Proponent: Miran Choi (ETRI)

Description: Owing to recent advances of AI technologies, natural language processing started to be widely used in various applications. One of the useful applications is the conversational partner which provides the user with information, entertains, chats and answers questions through the speech interface. However, an application should include more than just a speech interface to provide a better service to the user. For example, emotion recognizer and gesture interpreter are needed for better multi-modal interfaces.

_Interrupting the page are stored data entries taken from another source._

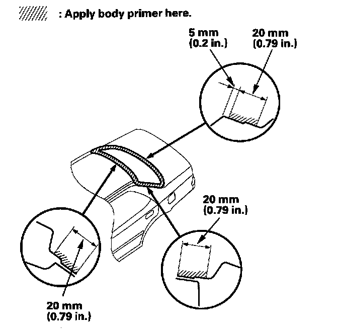 - Never touch the primed surfaces with your hands. If you do, the adhesive may not bond to the rear window properly, causing a leak after the rear window is installed.
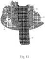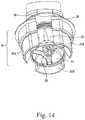 FIG. 13 shows a partial view (including upper and lower elements of base assembly and sub-elements of the base assembly) of the apparatus, in a closed position, shown inFIG. 10;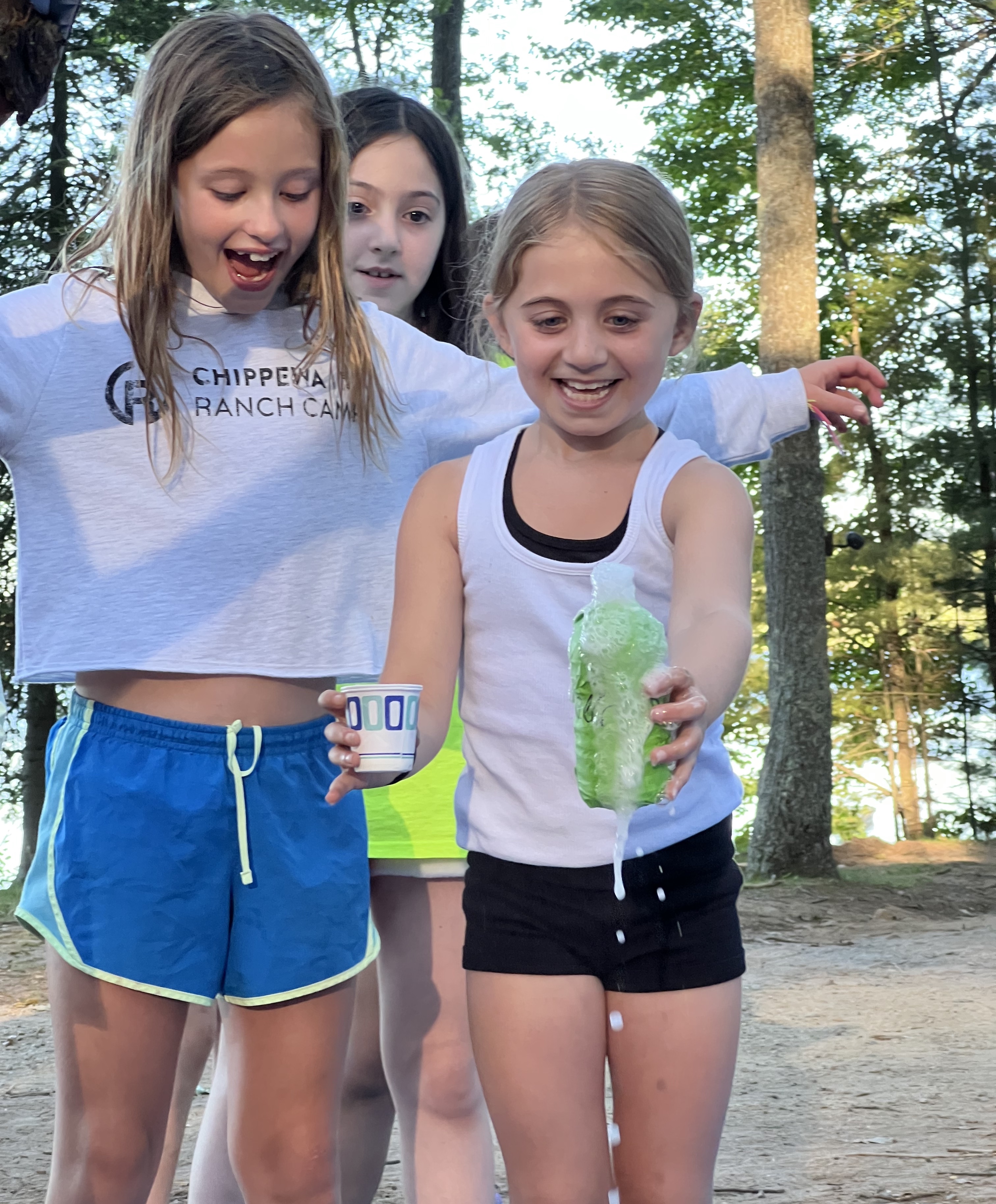 And then we had a delicious Taco Tuesday dinner followed by the big Tan & White reveal. We all gathered around the Center Fire Circle to watch as all new campers lined up to find out which team they will forever be connected to. And the reveal was awesome…each camper got a small water bottle and a little cup of vinegar. They poured the vinegar into the water bottle and the bottle exploded with either white or red…it was fun to watch, and this science experiment (known as Elephant Toothpaste) was an amazing way for the newest Chippies to learn their teams.

Multi-modal conversation (MPAI-MMC) aims to enable human-machine conversation that emulates human-human conversation in completeness and intensity by using AI.

The interaction of AI processing modules implied by a multi-modal conversation system would look approximately as presented in Figure 1, where one can see a language understanding module, a speech recognition module, image analysis module, a dialog processing module, and a speech synthesis module.

Figure 1 – Multi-Modal Conversation (emotion-focused)

Comments: The processing modules of the MPAI-MMC instance of Figure 1 would be operated in the MPAI-AIF framework.


The example of MMC is the conversation between a human user and a computer/robot as in the following list. The input from the user can be voice, text or image or combination of different inputs. Considering emotion of the human user, MMC will output responses in a text, speech, music depending on the user’s needs.

  • Chats: “I am bored. What should I do now?” – “You look tired. Why don’t you take a walk?”
  • Question Answering: “Who is the famous artist in Barcelona?” – “Do you mean Gaudi?”
  • Information Request: “What’s the weather today?” – “It is a little cloudy and cold.”
  • Action Request: “Play some classical music, please” – “OK. Do you like Brahms?”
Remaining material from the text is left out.